6" OB Peacock is on HOLD for someone off of Vancouver Craigslist as I'm hoping he will be picked up by 2pm tomorrow(Sunday).


----------



## Tequilla (Nov 18, 2011)

************Just SOLD my OB Peacock via Vancouver craigslist & suggested to join our forum!************


----------



## Tequilla (Nov 18, 2011)

Just SOLD my Blue Ahlie to a girl off of Vancouver Craigslist.


----------



## Tequilla (Nov 18, 2011)

Yellow Labs African Cichlids Group of 11 Price Reduced to $40.

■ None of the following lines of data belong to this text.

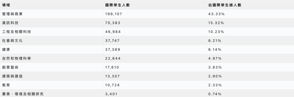 從上表可見,有超過43%的國際學生選擇讀商科,遙遙領先於其他領域。會導致這個情況有多個原因,第一,商科是最多遠距課程的領域,由於我們無法扣除遠距的學生,理所當然國際學生人數也會更多;第二,商科是供應最多的課程,商科領域從傳統的經濟、金融、會計,到供應鏈、行銷、創業等等,各大學都開設非常多的課程,能容納的學生多;第三,留學的知識和技能更容易轉移到自己的國家,這一點可以從農業、教育的國際學生人數得到印證,不是每一個國家都有蓬勃發展的農業,以及每一個國家的教育系統都不一樣,反觀商科、IT都有高度的制式化。
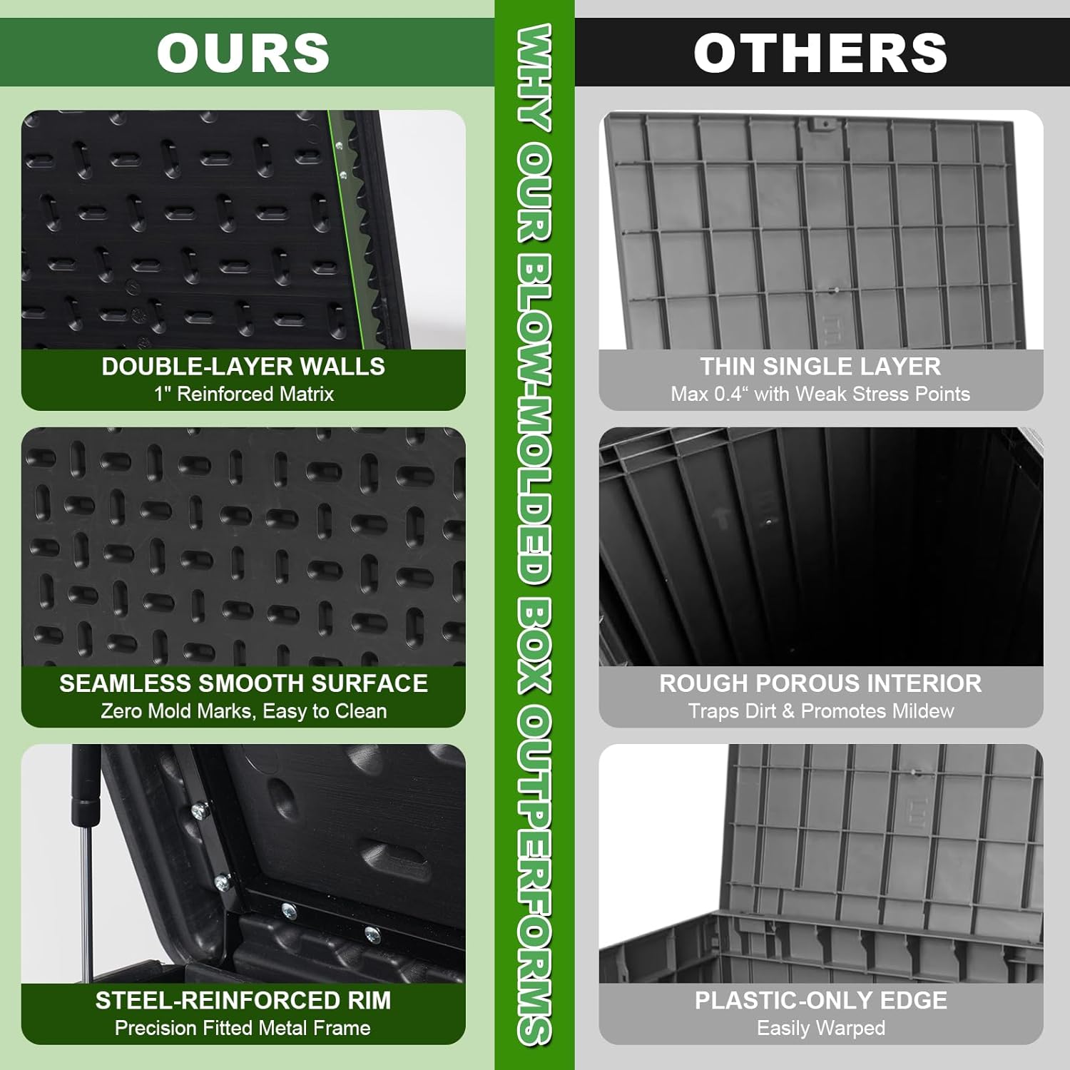 - Massive 260-Gallon Capacity: Designed as a storage box for outdoor furniture covers, this extra-large unit holds bulky items like patio cushions, grilling tools, and winter gear. Its spacious interior maximizes your backyard, garage, or balcony storage without clutter.
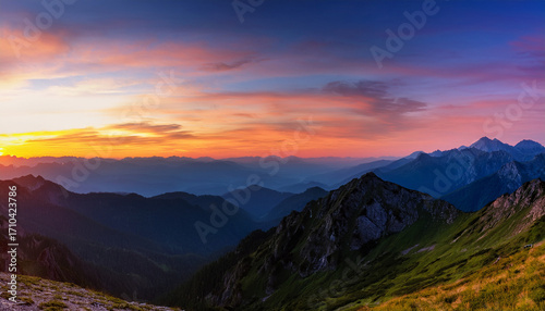 Spectacular Panoramic Landscape Of Mountain Ranges At Sunset With Dynamic Sky Illumination And Color Gradient
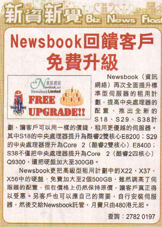 During the fitting of Server, the central processing unit(CPU) is extremely important components, it is the core of the whole server. Because all kind of the work have to rely on the CPU, such as all computing, control, logic treatment job. So the faster CPU, the higher efficiency of the server. And upgrading the CPU is very quick. Newsbook enhance the standard server rental plan again , improve the configuration of the CPU, provide the new plan:S18, S29, S38. Whereby customers can use the same price, the lease of more excellent server. The Plan of S18 which CPU upgraded to (Core 2 Duo dual-core) E8200, The plan of S29 which CPU upgrade to Core 2 (Core 2 Duo Core) E8400,The plan of S38 which CPU upgrade to Core 2 (four-core Core 2 Duo ) Q9300 and increase the hardware to 300G.At the same time, Newsbook free increase the capacity of hard disk to two 500G to the advanced rental service plan: (X22、X37、X56) according to the needs of clients. During the planned upgrade of the server, Although Newsbook increase in the server configuration, remained at the original price. So that customers can really benefit. All client have been installed the server with their needs, and then hosting at Newsbook, Only a monthly fee starting from HKD$480.
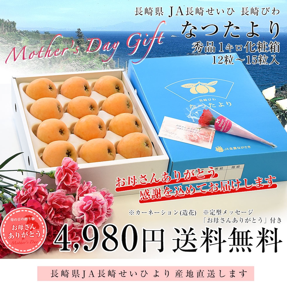 【母の日ギフト】長崎県より産地直送 JA長崎せいひ 長崎びわ なつたより 秀品 1キロ化粧箱 (12玉から15玉) 送料無料 枇杷 母の日びわ
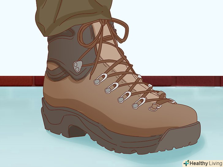 Взуйтесь в попередньоРізношенні туристичні черевики , якщо ви плануєте ходити в піші маршрути. завжди надягайте черевики на носок і не беріть в похід нову, неношену взуття — це, швидше за все, скінчиться пухирями і болями в ногах. Виберіть шкарпетки, досить довгі для того, щоб черевики не натирали вам щиколотки при ходьбі. Ніколи не взувайтеся в піший маршрут в шльопанці (або іншу безпідставну взуття) — вони погано захищають ноги від каменів, не підтримують ногу і легко можуть зламатися. [20]- Якщо ви купили нову пару черевиків, ходіть в них по дому кожен день протягом тижня перед тим, як вирушати в них в похід, і зробіть в них кілька невеликих прогулянок. Так ви зможете розносити їх, перш ніж підете в подорож.
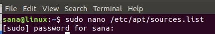 打开 /etc/apt/sources.list 文件以手动将存储库链接添加到列表中。要打开 resources.list 文件,请在终端中以 root 身份运行以下命令:
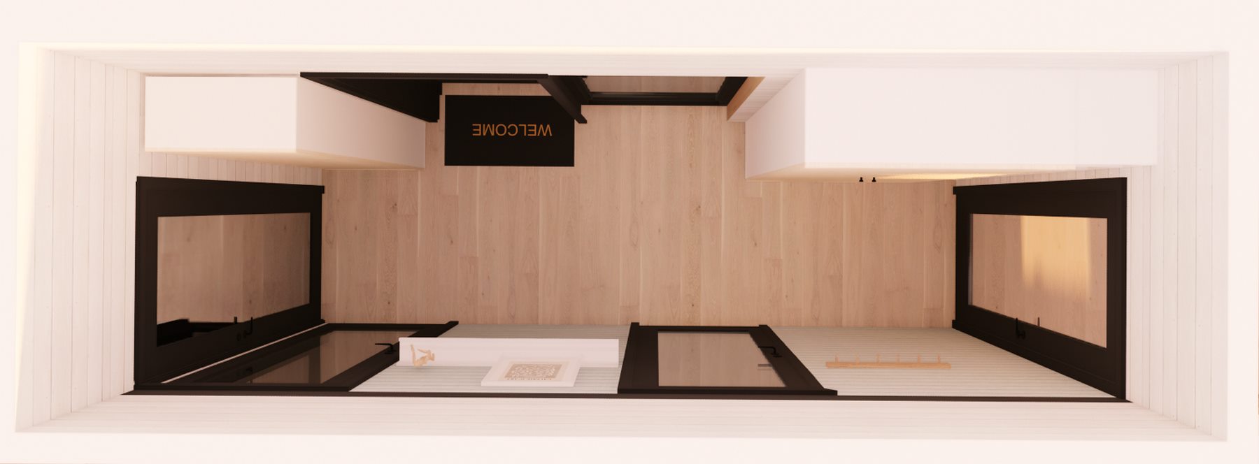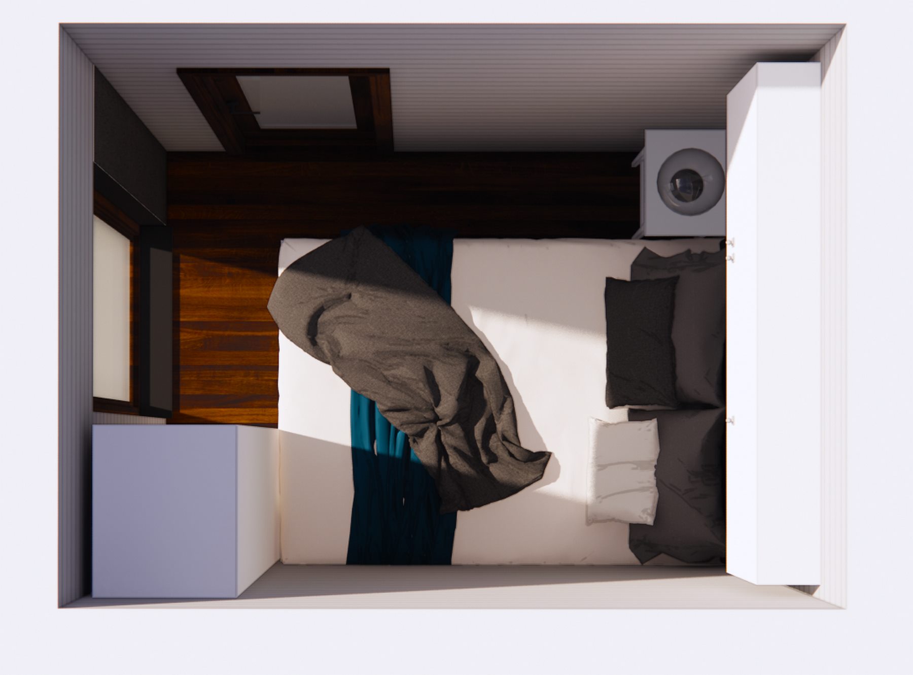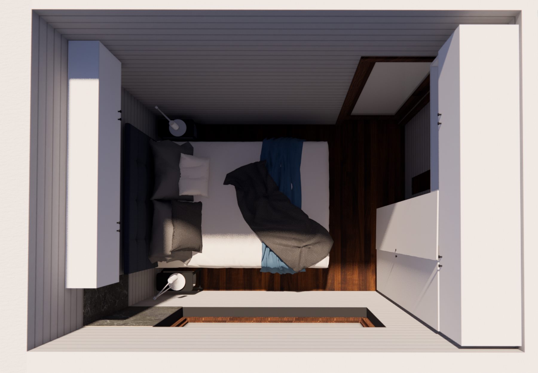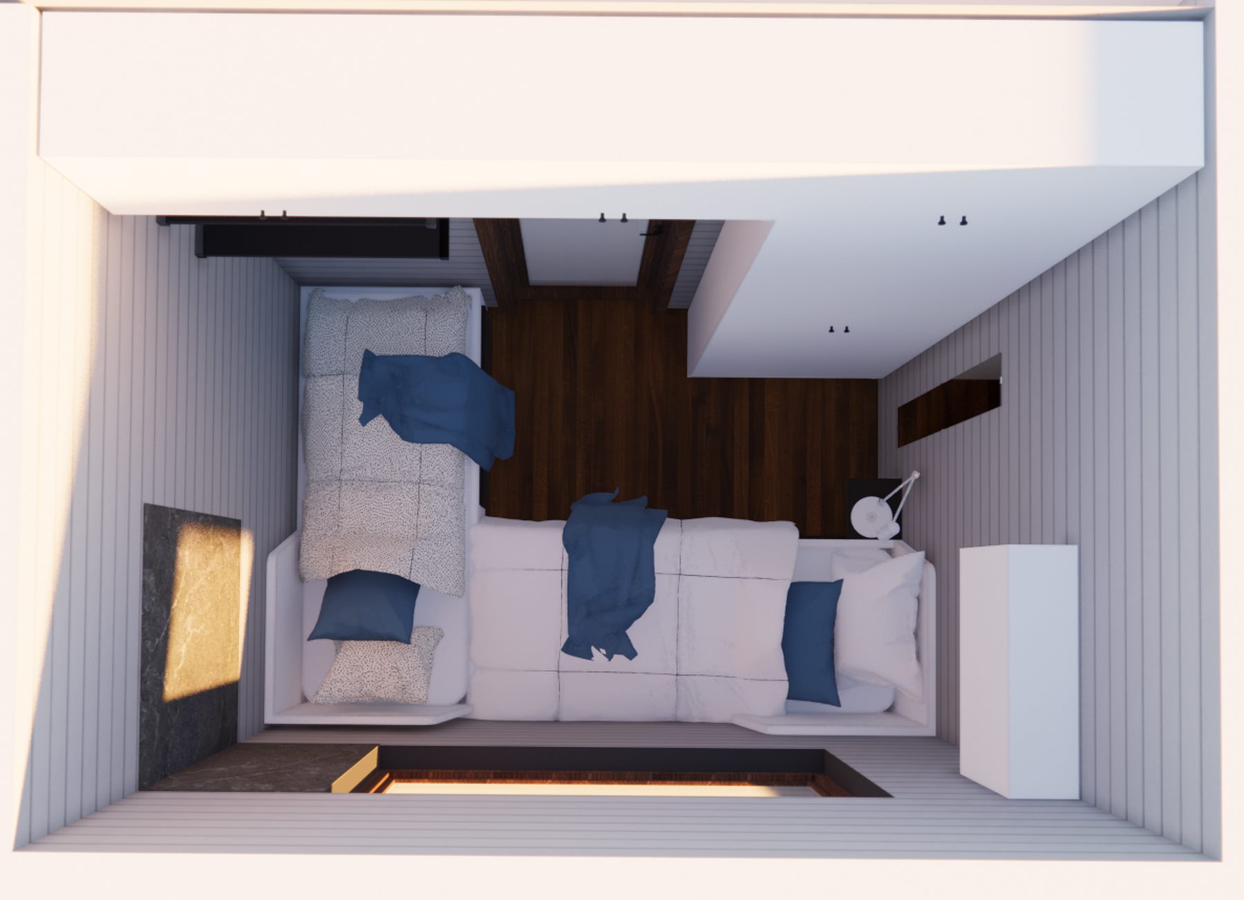 - Ściany - deski poziome biało-szary NCS S1000-N, wybrane sekcje jasny błękit NCS S1010-B, pasek grafit NCS S8005-B20G, sklejka naturalna

I have had this breeding group for 4 years now as they keep on multiplying! lol


----------



## Tequilla (Nov 18, 2011)

Weekend Bump


----------



## jaymz (Jun 29, 2011)

- think I just bought these via Craigslist for $50 :-( lol its all good I stripped a female of 23 fry when I got them home


----------



## Tequilla (Nov 18, 2011)

So you got a deal than?lol

I always sell chesper to BC Aquaria members & if you had only checked on here first, You would of had them for a cheaper price!; I have had these guys for a while now & they keep multiplying!; I'm glad that they all went to a good home.

Thanks again Brotha!


----------